ГЛАВА 10
Француз болен одной великой игрой, и его серебряный бой только начался. Приветствую вас, мои дорогие люди и нелюди, мне крайне приятно, что вы обратили взор в сторону моей насыщенной чувствами фигуры. Моим взглядом мне придётся отодвинуть для вас маленький кусочек благословленного протестантскими священниками стенки церкви Святого Апостола Павла в северной части нашего замечательного Ганновера. Да, я определённо могу сделать это для вас. Несмотря на всю кровь и бесчестие, движущиеся красной линией через главы прочтения этой книги, всё как на войне не так однозначно. Может, нужно использовать термин не «война», а «конфликт», к примеру.
Ладно, что-то мы совсем отвлеклись. Маэстро, подвиньтесь, давайте я прочту для этих детишек маленькие нарративы любви и надежды.
ВАУУУУУУ, ПРЕКРАСНООО, просто шедеврально!
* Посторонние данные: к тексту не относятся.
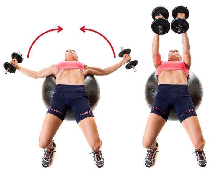 首先將背部放在穩定的球體或長凳上,雙手握著啞鈴打開胸口,接著將啞鈴舉到最高處,慢慢回到起始位置,建議持續60秒,重複3次,每次休息20至30秒。
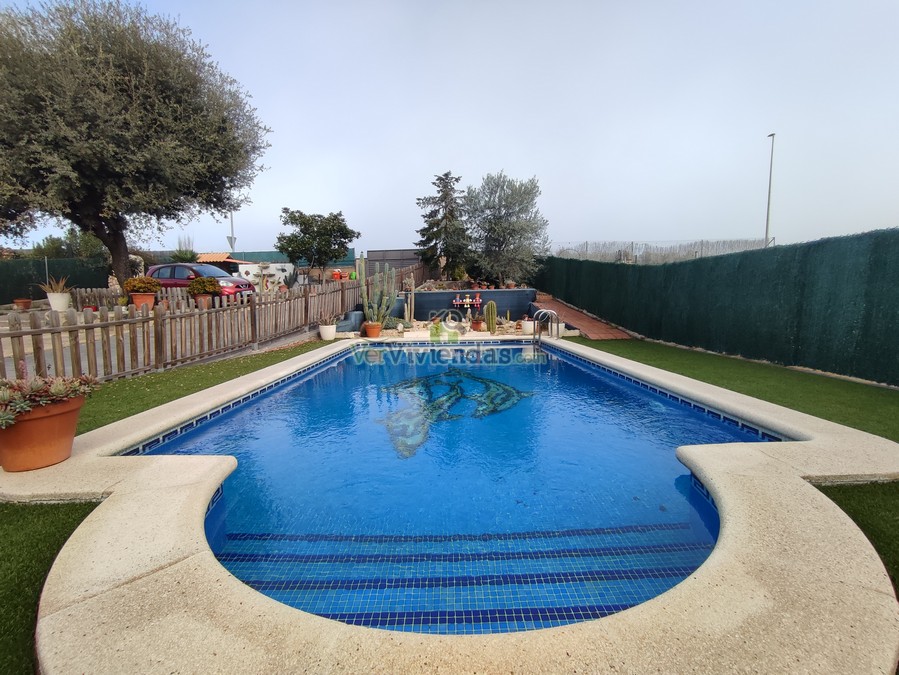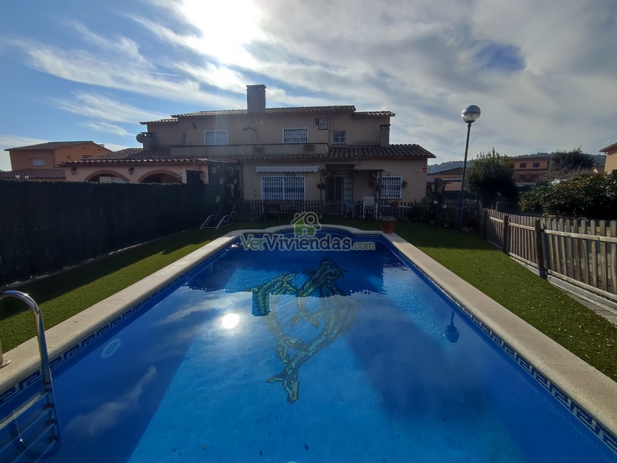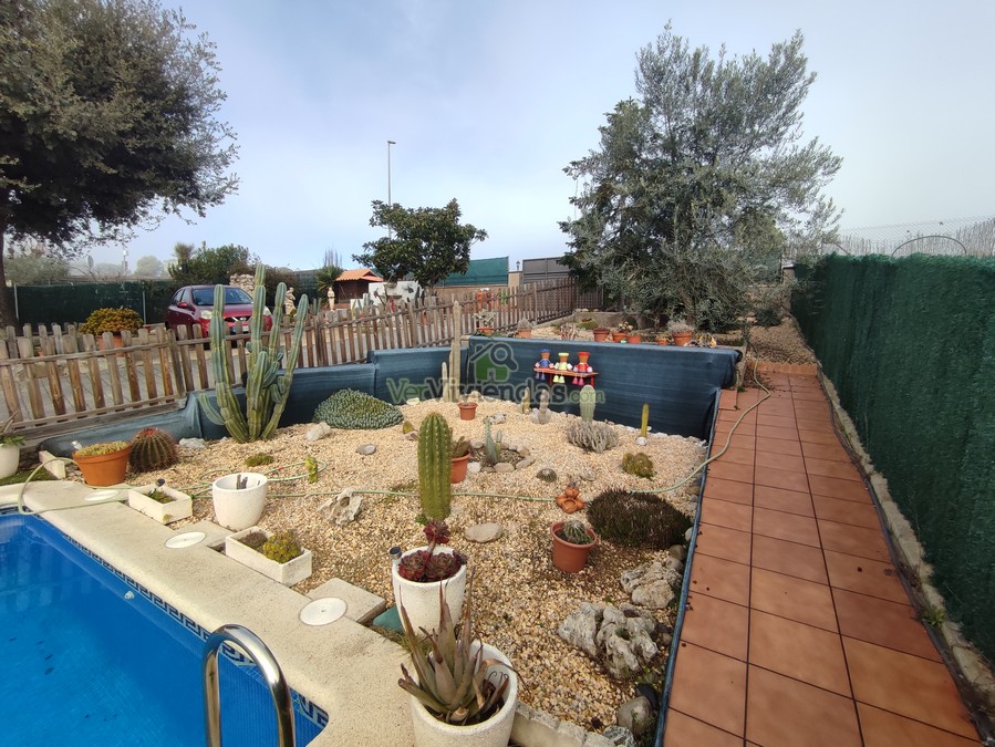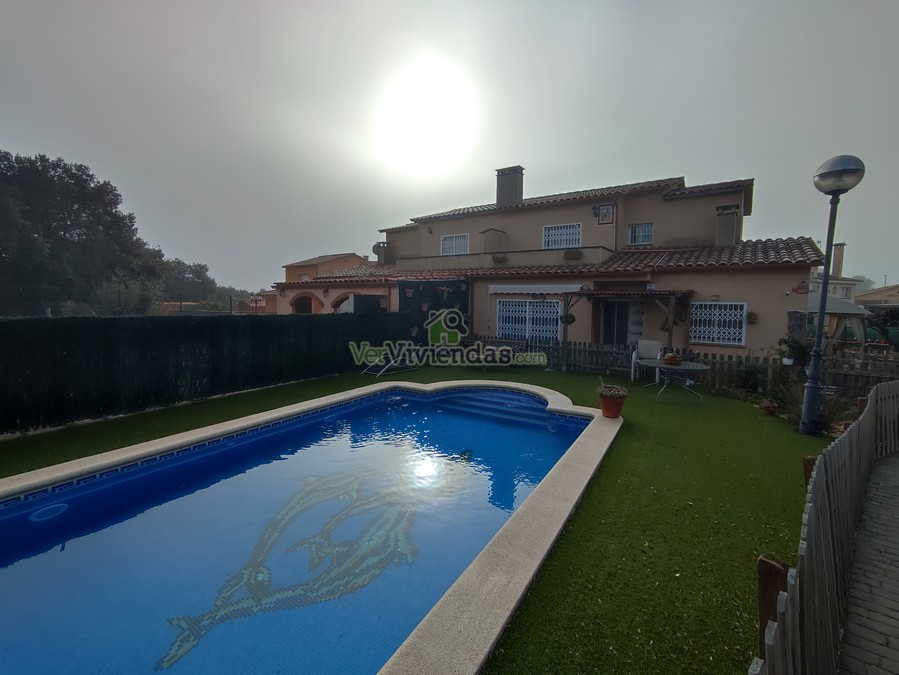 En el exterior encontramos la zona de la piscina con varias zonas destinadas a terraza, jardín y zona barbacoa.

И кровь снова выстреливает из-под новенького маникюра среднебюджетной проститутки, её ногти как молнии просекают спину пыхтящего сверху клиента. Это напоминает американские горки, хоть такого определения тогда ещё не было. Картинка красивая, освещение немного приглушённое. Пыхтение, сочный запах пота разливается по комнате этого мотеля по расположению района Яммера.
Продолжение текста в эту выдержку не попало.